**What to work on**. Go through the entries below and tally each line holding the string "look". Return the number only.

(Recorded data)
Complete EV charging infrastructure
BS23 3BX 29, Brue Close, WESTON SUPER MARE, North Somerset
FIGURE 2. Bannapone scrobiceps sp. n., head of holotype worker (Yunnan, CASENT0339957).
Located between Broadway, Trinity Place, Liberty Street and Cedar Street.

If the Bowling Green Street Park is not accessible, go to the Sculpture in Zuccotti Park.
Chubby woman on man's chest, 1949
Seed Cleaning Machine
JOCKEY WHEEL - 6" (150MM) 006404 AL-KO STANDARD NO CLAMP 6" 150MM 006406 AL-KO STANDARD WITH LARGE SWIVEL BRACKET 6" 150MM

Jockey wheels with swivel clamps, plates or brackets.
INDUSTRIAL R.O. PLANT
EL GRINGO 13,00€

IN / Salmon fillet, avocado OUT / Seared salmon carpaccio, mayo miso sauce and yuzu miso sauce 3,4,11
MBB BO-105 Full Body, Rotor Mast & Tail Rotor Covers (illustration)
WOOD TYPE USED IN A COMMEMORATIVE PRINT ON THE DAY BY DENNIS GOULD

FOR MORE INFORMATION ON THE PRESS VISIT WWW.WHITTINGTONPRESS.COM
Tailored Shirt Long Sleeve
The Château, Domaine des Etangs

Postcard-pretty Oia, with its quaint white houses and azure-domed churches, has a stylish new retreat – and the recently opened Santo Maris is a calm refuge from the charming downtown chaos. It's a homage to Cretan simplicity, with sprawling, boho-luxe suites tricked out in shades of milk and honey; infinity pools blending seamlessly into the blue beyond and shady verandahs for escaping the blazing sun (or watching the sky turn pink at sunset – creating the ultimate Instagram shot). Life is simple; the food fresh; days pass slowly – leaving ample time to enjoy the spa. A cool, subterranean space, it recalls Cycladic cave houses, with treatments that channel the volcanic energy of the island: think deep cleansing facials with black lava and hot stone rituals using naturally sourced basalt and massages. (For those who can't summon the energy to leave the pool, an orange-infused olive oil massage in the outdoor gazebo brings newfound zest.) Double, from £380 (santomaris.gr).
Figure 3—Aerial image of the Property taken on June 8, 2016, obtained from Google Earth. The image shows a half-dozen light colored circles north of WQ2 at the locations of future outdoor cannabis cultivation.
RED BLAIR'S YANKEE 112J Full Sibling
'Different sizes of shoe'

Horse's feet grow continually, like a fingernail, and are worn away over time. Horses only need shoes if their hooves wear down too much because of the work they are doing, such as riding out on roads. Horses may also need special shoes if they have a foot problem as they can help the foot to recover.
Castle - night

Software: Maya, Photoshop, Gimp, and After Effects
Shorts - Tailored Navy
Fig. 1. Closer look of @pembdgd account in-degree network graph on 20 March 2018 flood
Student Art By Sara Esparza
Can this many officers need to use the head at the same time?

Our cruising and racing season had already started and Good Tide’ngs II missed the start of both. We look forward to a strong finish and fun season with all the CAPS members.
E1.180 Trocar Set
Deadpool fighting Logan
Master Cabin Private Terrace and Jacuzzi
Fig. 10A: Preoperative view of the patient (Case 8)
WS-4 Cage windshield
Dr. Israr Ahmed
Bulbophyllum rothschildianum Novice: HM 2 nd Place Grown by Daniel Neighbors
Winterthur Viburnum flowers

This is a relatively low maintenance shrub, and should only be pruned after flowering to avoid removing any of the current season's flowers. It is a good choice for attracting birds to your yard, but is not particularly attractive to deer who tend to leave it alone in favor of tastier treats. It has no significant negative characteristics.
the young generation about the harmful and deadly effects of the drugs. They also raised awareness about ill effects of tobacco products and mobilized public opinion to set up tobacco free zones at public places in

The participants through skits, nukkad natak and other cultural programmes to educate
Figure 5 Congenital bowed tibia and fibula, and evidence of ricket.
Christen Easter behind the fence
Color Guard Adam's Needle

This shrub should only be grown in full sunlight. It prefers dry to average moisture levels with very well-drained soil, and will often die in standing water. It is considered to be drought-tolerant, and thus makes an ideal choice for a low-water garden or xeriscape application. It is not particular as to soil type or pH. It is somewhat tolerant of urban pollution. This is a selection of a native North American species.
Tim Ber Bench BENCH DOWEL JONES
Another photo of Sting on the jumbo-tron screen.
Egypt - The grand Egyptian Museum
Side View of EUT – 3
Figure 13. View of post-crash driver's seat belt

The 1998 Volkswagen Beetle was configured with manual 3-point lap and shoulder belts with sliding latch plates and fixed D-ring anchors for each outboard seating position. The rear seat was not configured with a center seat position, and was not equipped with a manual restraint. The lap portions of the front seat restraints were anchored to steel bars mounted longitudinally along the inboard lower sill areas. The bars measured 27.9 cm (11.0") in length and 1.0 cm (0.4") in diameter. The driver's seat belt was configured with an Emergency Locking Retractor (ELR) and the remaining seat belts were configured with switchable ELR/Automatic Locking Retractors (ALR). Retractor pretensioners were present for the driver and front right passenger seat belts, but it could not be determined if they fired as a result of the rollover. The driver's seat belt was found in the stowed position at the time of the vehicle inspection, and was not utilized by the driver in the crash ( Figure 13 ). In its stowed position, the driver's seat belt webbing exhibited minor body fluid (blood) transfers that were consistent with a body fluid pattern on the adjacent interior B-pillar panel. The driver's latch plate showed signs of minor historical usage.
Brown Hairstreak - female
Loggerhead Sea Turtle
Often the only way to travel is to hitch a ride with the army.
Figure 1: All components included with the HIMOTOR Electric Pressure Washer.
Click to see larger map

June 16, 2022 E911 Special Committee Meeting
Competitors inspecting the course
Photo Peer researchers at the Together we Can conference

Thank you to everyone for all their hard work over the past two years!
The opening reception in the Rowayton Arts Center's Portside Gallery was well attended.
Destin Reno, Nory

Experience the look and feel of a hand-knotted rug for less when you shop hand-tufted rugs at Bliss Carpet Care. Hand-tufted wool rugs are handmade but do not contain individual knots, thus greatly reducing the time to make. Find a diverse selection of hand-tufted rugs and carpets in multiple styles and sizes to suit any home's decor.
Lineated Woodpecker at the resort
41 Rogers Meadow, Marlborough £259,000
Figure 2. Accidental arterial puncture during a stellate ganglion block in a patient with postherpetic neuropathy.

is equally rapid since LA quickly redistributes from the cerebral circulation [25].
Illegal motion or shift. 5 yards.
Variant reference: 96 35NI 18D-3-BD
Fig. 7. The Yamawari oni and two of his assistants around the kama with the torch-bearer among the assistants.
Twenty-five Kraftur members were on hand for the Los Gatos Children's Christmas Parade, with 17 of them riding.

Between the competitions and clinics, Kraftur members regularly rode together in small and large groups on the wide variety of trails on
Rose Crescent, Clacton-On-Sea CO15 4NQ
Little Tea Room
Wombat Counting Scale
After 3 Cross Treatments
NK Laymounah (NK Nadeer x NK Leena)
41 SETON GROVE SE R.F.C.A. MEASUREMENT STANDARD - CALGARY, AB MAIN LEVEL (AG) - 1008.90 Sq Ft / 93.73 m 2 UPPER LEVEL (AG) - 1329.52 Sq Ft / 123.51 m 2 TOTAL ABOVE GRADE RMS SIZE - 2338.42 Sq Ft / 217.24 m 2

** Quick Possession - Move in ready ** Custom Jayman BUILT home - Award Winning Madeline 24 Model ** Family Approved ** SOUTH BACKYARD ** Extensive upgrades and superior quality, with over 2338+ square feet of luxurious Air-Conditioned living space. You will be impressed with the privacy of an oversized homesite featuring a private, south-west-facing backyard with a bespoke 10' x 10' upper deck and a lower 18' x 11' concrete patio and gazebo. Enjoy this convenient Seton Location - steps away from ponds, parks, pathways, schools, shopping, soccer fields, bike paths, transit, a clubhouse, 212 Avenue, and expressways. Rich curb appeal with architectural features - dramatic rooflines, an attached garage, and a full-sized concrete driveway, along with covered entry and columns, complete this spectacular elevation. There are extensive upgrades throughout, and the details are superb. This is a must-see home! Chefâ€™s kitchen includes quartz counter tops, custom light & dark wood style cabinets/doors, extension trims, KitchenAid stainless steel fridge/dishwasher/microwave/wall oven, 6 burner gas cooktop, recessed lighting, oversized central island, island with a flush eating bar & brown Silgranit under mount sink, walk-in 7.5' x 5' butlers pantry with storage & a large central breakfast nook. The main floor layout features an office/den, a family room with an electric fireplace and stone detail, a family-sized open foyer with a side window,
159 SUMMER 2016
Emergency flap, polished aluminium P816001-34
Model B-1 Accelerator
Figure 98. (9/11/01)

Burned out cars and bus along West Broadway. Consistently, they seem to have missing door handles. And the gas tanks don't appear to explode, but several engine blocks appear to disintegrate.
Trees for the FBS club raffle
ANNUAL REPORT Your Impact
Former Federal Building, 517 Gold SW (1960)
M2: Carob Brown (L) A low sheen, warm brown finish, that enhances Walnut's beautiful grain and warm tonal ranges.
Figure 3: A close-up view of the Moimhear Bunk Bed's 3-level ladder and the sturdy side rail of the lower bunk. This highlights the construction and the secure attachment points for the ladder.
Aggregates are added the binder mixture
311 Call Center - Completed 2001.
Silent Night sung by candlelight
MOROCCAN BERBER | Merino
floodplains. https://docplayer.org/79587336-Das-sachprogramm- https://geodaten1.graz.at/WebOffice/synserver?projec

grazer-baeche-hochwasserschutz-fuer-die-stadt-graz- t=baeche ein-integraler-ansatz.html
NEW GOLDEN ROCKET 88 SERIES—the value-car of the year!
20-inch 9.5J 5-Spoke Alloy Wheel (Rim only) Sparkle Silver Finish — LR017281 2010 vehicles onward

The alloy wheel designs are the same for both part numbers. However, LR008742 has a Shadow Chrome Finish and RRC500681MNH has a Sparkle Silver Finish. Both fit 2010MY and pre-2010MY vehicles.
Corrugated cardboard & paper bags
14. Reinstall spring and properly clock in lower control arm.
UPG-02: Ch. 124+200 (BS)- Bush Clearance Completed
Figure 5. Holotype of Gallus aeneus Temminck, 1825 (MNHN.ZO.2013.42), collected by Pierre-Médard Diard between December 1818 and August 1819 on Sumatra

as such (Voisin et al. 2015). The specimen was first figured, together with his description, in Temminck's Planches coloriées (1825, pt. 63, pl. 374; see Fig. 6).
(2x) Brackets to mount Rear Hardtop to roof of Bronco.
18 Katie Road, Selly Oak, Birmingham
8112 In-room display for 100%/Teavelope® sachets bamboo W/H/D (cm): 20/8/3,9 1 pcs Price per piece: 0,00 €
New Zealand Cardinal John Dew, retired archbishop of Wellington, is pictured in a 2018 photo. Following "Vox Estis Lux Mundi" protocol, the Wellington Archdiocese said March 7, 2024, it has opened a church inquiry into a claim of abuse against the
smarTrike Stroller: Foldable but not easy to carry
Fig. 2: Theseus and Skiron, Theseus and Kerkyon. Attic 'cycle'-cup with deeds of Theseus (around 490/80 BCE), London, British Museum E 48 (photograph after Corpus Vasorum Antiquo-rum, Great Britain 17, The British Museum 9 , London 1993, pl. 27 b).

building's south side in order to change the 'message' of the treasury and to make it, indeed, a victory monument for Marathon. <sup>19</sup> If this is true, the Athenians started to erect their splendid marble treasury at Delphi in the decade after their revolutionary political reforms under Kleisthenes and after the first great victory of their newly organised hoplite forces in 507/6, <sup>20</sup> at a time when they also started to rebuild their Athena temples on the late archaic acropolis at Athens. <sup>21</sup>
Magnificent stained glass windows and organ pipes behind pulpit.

**Reply to the task**. 3